(Records from a data collection)
------

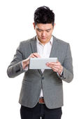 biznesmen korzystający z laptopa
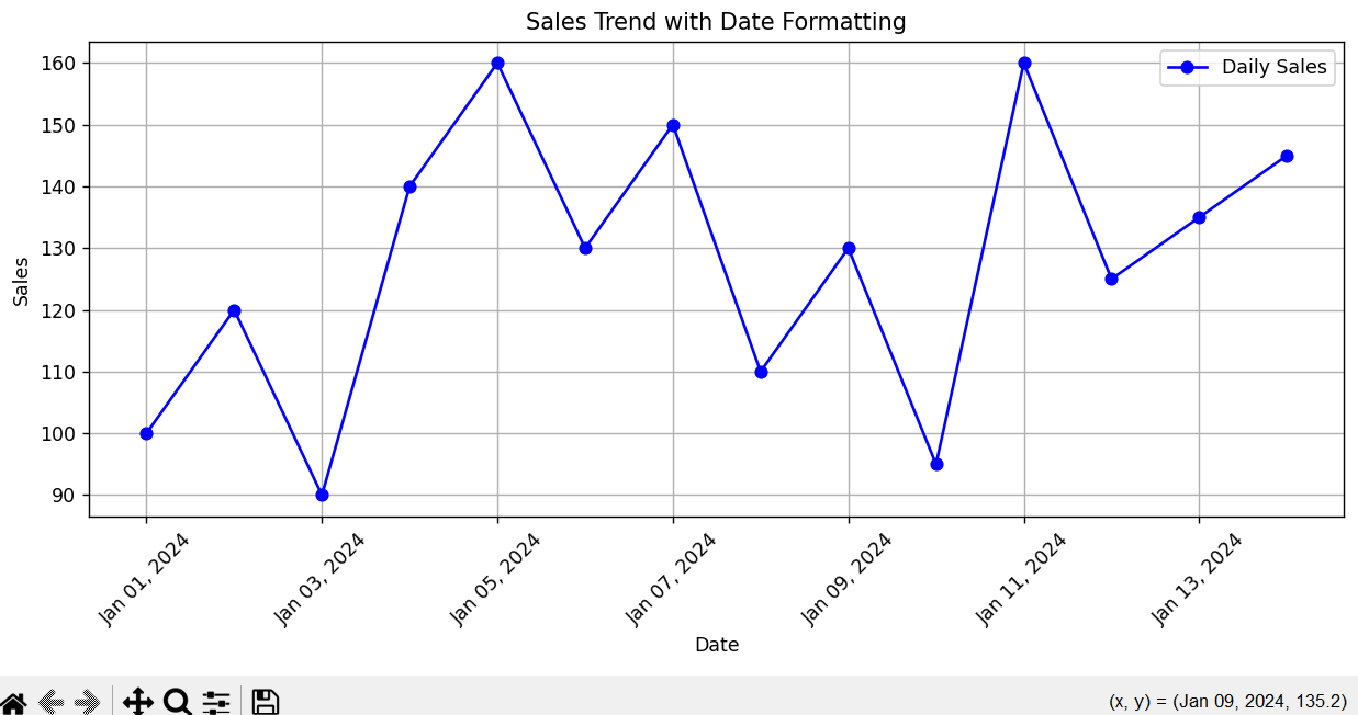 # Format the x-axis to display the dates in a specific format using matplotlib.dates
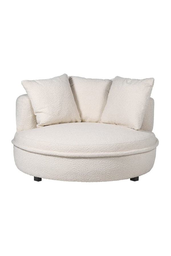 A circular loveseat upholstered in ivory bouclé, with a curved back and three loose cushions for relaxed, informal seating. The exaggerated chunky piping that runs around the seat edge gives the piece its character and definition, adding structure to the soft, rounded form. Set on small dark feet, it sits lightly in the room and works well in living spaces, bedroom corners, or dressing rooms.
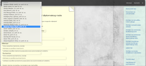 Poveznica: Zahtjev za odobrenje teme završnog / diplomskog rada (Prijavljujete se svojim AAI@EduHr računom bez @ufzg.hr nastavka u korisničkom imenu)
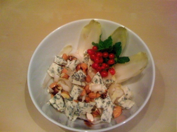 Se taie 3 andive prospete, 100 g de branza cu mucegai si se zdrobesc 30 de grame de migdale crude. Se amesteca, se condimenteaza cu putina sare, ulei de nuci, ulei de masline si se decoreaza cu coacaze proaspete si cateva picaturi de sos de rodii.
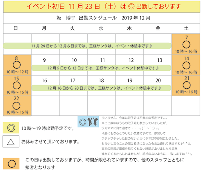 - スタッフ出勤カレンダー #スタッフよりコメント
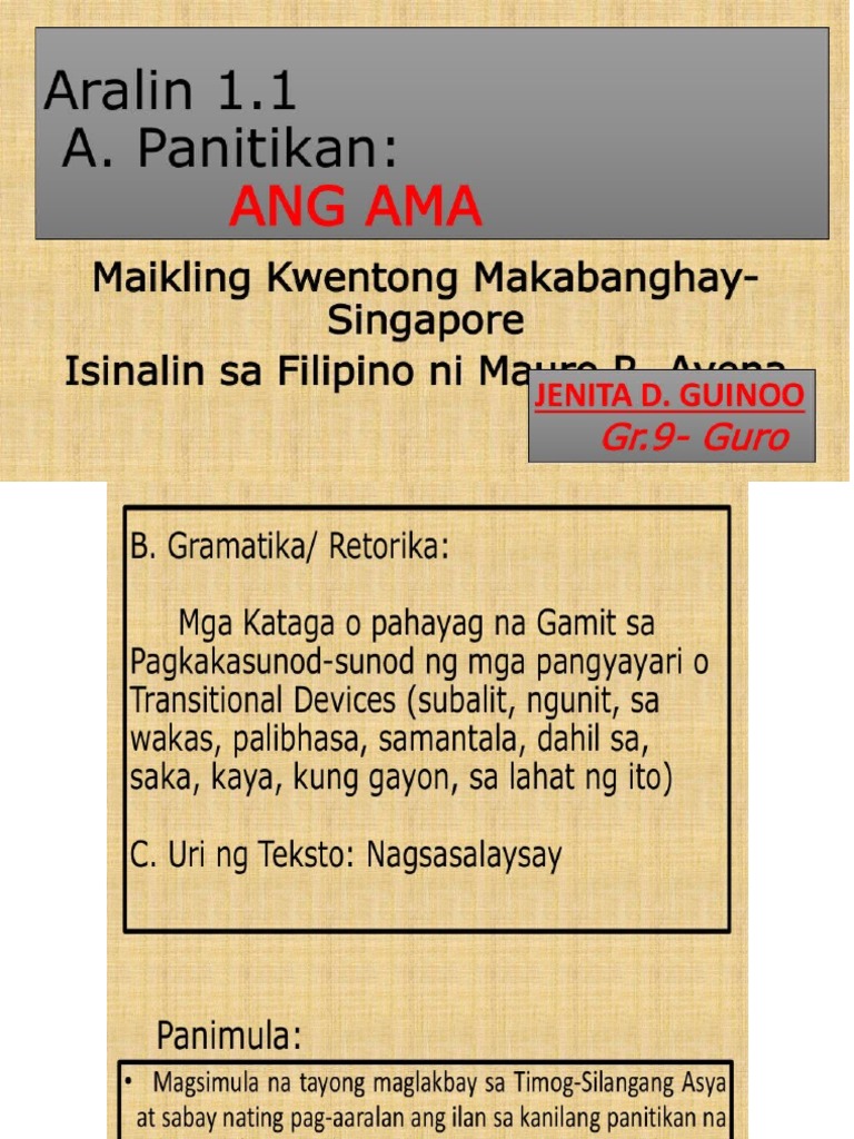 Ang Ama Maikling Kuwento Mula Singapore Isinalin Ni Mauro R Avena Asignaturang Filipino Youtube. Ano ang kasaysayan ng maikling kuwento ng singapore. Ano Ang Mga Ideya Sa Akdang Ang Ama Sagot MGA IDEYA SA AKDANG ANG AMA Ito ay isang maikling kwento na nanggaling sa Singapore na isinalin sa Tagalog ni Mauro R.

------

## The task
Starting at the first line of the data, set down each line exactly until you have copied the line with "# Format the", but leave the pictures out.

## Task result
 biznesmen korzystający z laptopa
 # Format the x-axis to display the dates in a specific format using matplotlib.dates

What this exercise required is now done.